Absolutely. Actually *early* GL-iNet devices did exactly that: Use the
eMMC boot hw-partitions to store boot firmware as well as MAC
addresses and potentially also Wi-Fi calibration data.

The MT-2500 is the example I'm aware of and got sitting on my desk for
testing with this very series (which allows to also reference eMMC
hardware partitions, see "[7/8] mmc: block: set fwnode of disk
devices").
Unfortunately later devices such the the flag-ship MT-6000 moved MAC
addresses and WiFi-EEPROMs into a GPT partition on the user-part of
the eMMC.

> 
> > Depending on the eMMC chip used, that partition may not even be at the
> > same offset for different batches of the same device and hence I'd
> > like to just do it in the same way vendor firmware does it as well.
> 
> Often vendor firmware is not a model to follow...

I totally agree. However, I don't see a good reason for not supporting
those network-appliance-type embedded devices which even ship with
(outdated, downstream) Linux by default while going through great
lengths for things like broken ACPI tables in many laptops which
require lots of work-arounds to have features like suspend-to-disk
working, or even be able to run Linux at all.

> 
> > Chad of Adtran has previously confirmed that [1], which was the
> > positive feedback I was refering to.
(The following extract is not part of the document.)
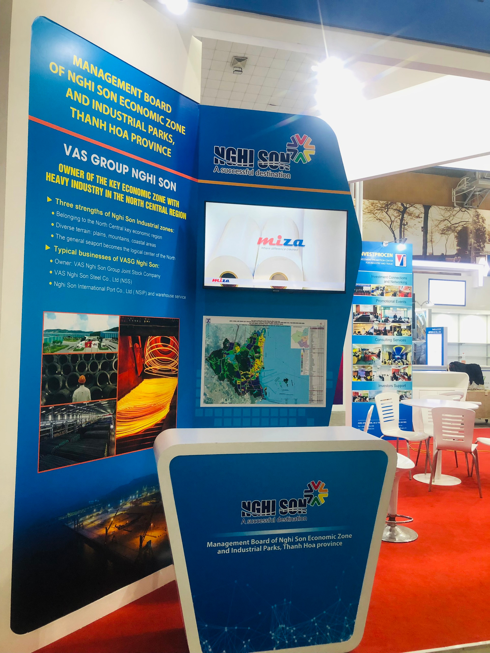 Tại chương trình lần này, Công ty TNHH Miza Nghi Sơn vinh dự là đơn vị đại diện Thanh Hóa phối hợp cùng Ban quản lý Khu Kinh tế Nghi Sơn và các Khu công nghiệp Thanh Hóa tham gia Khu gian hàng giới thiệu về các dịch vụ thế mạnh của Công ty. Các hoạt động xúc tiến đầu tư tại Khu gian hàng cũng như tại Hội chợ sẽ giúp kết nối và tạo ra nhiều giá trị kinh tế, đem đến những cơ hội thiết thực giúp các địa phương và doanh nghiệp phát triển hơn nữa trong tương lai.
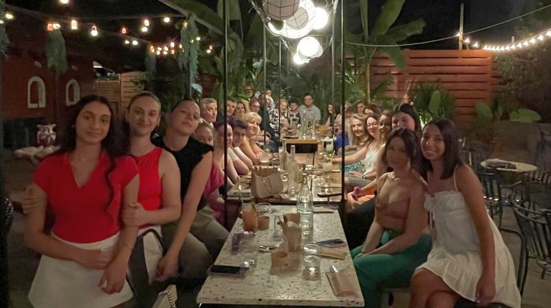 Έπαιξαν οι μαθητές και μαθήτριες: Καραδήμου Κων/να (Λίλα), Παπαευσταθίου Γιώργος (Αλέκος), Κυρατζής Κων/νος (Θωμάς), Καστάνη Όλγα (Αθηνά), Χάλαρη Άννα (Βίκυ), Στατήρας Νικόλαος (Ναύαρχος), Στεφανή Άλκηστις (Λουκία και κα Μακράκη), Στατήρας Αλέξανδρος (Σταύρος και καθηγητής), Χάλαρη Θεοδώρα (Ντιάνα), Τουραλιά Ειρήνη (Υπάλληλος), Καλόσι Μαρία (υπάλληλος), Πρεμέτη Ελένη (Διδώ), Πατσιαλίδης Παναγιώτης (κυρ-Βασίλης), Μολόβ Γιάννης (Γιάγκος και σερβιτόρος), Καλαϊτζόγλου Κων/νος (μπάρμαν), Βαζούρα Παναγιώτα, Πούλιος Απόστολος, Σιαμούρης Γεώργιος (χορευτές).

Other vendors like GL-iNet or
> > Netgear are doing the exact same thing.
> > 
> > As of now, we support this in OpenWrt by adding a lot of
> > board-specific knowledge to userland, which is ugly and also prevents
> > using things like PXE-initiated nfsroot on those devices.
> > 
> > The purpose of this series is to be able to properly support such devices
> > (ie. practially all consumer-grade routers out there using an eMMC for
> > storing firmware).
> > 
> > Also, those devices have enough resources to run a general purpose
> > distribution like Debian instead of OpenWrt, and all the userland
> > hacks to set MAC addresses and extract WiFi-EEPROM-data in a
> > board-specific ways will most certainly never find their way into
> > Debian. It's just not how embedded Linux works, unless you are looking
> > only at the RaspberryPi which got that data stored in a textfile
> > which is shipped by the distribution -- something very weird and very
> > different from literally all of-the-shelf routers, access-points or
> > switches I have ever seen (and I've seen many). Maybe Felix who has
> > seen even more of them can tell us more about that.
> 
> General purpose distros want to partition the disk themselves. Adding 
> anything to the DT for disk partitions would require the installer to be 
> aware of it. There's various distro folks on the boot-arch list, so 
> maybe one of them can comment.

Usually the installers are already aware to not touch partitions when
unaware of their purpose. Repartitioning the disk from scratch is not
what (modern) distributions are doing, at least the EFI System
partition is kept, as well as typical rescue/recovery partitions many
vendors put on their (Windows, Mac) laptops to allow to "factory
reset" them.

Installers usually offer to replace (or resize) the "large" partition
used by the currently installed OS instead.

And well, the DT reference to a partition holding e.g. MAC addresses
does make the installer aware of it, obviously.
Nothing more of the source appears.